Craig is currently a consultant to the Centre for Early Sapiens Behaviour (SapienCE) a Research Council of Norway funded Centre of Excellence (COE) based at the University of Bergen. Together with his brother Damon they have translated the science of human origins on the South African coast into a series of short films and exhibitions which are being showcased around the world. Over the next decade scientists in the COE will integrate archaeology, climate and psychology in an ambitious programme to extract, analyse and understand the processes that shaped the behaviour and cognition of our common ancestors, Homo sapiens, in southern Africa between 120 000 – 50 000 years ago. The paleo scientists have evidence from various discoveries of marine organisms in the time layers in the caves on our coast which show that the early people here depended quite heavily on foraging and feeding from the Great African Seaforest, making it on one of the wild spaces with which we humans have a 6000 generational pact. This meld of science, culture and nature, is what drives Craig and Sea Change Project’s passion for the underwater Seaforest.

Craig’s greatest passion is being in the water however and he has nearly completed the promise he made to himself about daily dives for ten years. This however will continue for as long as he can now as it has become his way of life. He believes that deep nature immersion and creating stories that spark our innate love for the wild is a key tool to the regeneration of our living planet, our home, the foundation for the air we breathe, our food and our well-being.
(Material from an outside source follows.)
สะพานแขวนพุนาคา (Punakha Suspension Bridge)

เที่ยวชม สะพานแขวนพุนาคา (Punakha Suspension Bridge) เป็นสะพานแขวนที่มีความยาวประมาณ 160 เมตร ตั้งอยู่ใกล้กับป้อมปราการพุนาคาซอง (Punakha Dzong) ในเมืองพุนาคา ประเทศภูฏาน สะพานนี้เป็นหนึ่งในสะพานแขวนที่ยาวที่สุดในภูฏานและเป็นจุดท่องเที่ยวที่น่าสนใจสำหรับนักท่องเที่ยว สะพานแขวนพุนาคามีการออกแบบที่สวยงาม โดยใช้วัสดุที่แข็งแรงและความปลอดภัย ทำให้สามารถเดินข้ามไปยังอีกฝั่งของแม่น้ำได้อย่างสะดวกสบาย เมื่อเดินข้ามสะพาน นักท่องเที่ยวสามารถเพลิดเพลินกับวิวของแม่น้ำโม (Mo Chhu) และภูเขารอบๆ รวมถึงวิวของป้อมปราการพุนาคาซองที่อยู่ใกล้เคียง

Comment by David Parry-Davies: Craig personifies the thinking, values and behaviours of an eco-logical human being - leveraging his impressive knowledge base, intelligence and almost superhuman physical prowess to raise public awareness about the need to protect our natural environment which he so openly and passionately loves. Quiet and modest yet fiercely determined, Craig deserves our unreserved admiration and wholehearted thanks for the amazing work he is doing for the benefit of all of us.